A hypothetical model explaining the role of parent-of-origin effects in Multiple Sclerosis and other complex diseases with similar etiologies. A well-recognized contribution of environmental factors and multiple (non-imprinted) genes to the etiology of Multiple Sclerosis might further be modulated by a contribution from genes that depend on parental origin and involve classically imprinted genes as well as non-imprinted genes that form networks with other imprinted genes. Abbreviations: IGN, imprinted gene network
Over a decade of genetic studies in MS have not provided clear answers, in fact the contributing factors maybe even more complex than imagined.
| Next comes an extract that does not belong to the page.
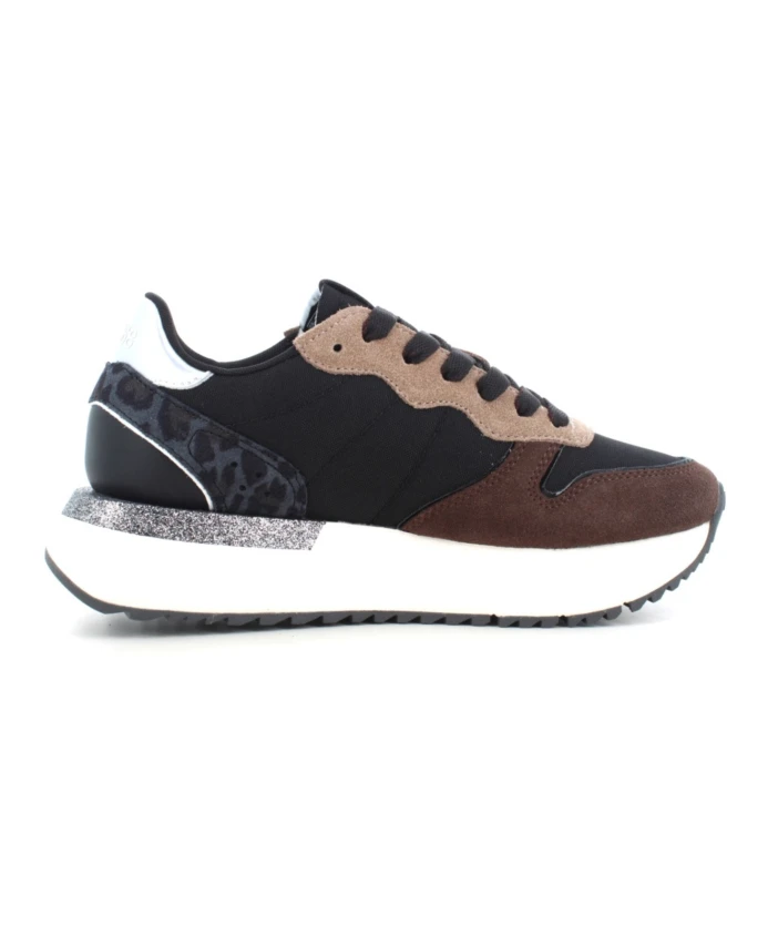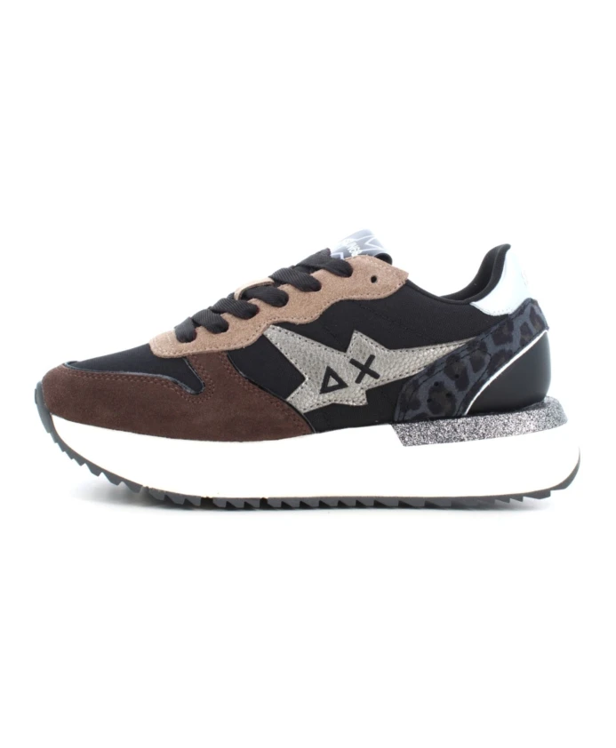 Подчеркните свой стиль с помощью этих женских кроссовок Sun68. Изготовленные из сочетания замши, ткани и кожи черного цвета, эти кроссовки идеально подойдут для осенне-зимнего сезона. Резиновая подошва обеспечивает комфорт и долговечность, делая их стильным выбором для любого наряда.

The first ever genetic link identified in the 1970 was the HLA (Human Leukocyte Antigen) complex. And to date over 110 non-HLA and HLA effects are known to explain only 20% of the sibling recurrence risk!!!
It begs the question whether their are hidden heritability residues? In a recent meta-analyses, the estimated heritability has been found to be 54% using a model of inheritance consistent of one locus with moderate effect and many loci of modest effects...The search for the modest effects has begun.
In this review the researchers focus on one such modest effect - the concept of parent-of-origin effects expressed through genomic imprinting. Parent-of-origin effects is the uneven genetic contribution from parents where phenotype depends on the parental origin of the associated allele, whilst, imprinting is the way a gene is expressed only from a maternally or paternally inherited chromosome. DNA methylation (the addition of a methyl group to DNA) is a form of imprinting which modifies the DNA resulting in an alteration in gene expression without actually changing the DNA sequence. The authors use another example, DLK1, a gene which affects the development and function of B cells and moreover can affect the expression of many immune-related genes.
A piece of mind boggling research which lends its support to this way of thinking is that maternal half-siblings of MS-affected persons have a significantly higher risk of developing MS compared to paternal half siblings.
It is uncertain how much of this hidden heritability may have already influenced findings from published conventional genetic studies. But what is certain is that this area of research is not for the faint hearted.